From July 29th to August 8th, the S&P 500 fell more than 15%. Whether it was the rumors of the downgrade or the presence of political stalemate, one thing is clear: failure to address the debt ceiling and spending problems this time around will almost certainly have negative consequences for the stock market.


Looking Ahead to the Upcoming Debt Ceiling Debate

A new debate over the debt ceiling and government spending is coming, and coming soon. Automatic spending cuts kick in on March 1st and the Treasury will run out of money shortly before then.

The worst-case scenario is that no action is taken on either issue.

Failing to raise the debt ceiling could, theoretically, cause a government shutdown, since the Treasury wouldn’t be able to spend money. Failure to address the scheduled spending cuts would trigger implementation of those cuts. This is something that many politicians on both sides of the aisle agree would hurt the economy, since the cuts are based on percentages and not strategic priorities.

Those would be extreme outcomes and are unlikely.

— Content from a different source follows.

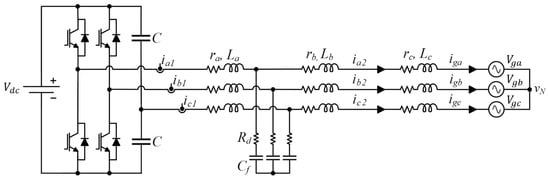 In Figure 1, the B4 inverter is connected to the grid via an LCL filter, formed by {ra, La}, {rb, Lb}, and {rd, Cf}. The {rc, Lc} set represents the grid impedance. Although three current sensors are depicted in Figure 1, they are not necessary. Two sensors would suffice, as the sum of the currents in each line is 0. The same principle applies to the voltage sensors shown in later figures.

However, political stalemate is very likely. New credit downgrades could trigger a loss of confidence in the United States’ debt and, as a result, seriously alter the financial landscape.

Since politicians procrastinate and markets can be slow to react to upcoming events, it seems likely that any impact on the markets would be felt beginning in the middle of February.


The Bottom Line

Financial markets around the world jumped on the news of the fiscal cliff deal. However, a new, and potentially more toxic, political showdown will take place over the next two months.

An efficient process and effective outcome seem unlikely to me, as this is not the way our elected representatives have conducted themselves in recent years.

As a long term investor, I try not to pay too much attention to political skirmishes in Washington. After all, the financial health of companies I own stock in is much more important than some debate on Capitol Hill. However, investors should watch this situation as it develops, since a negative outcome would likely drag the whole market lower.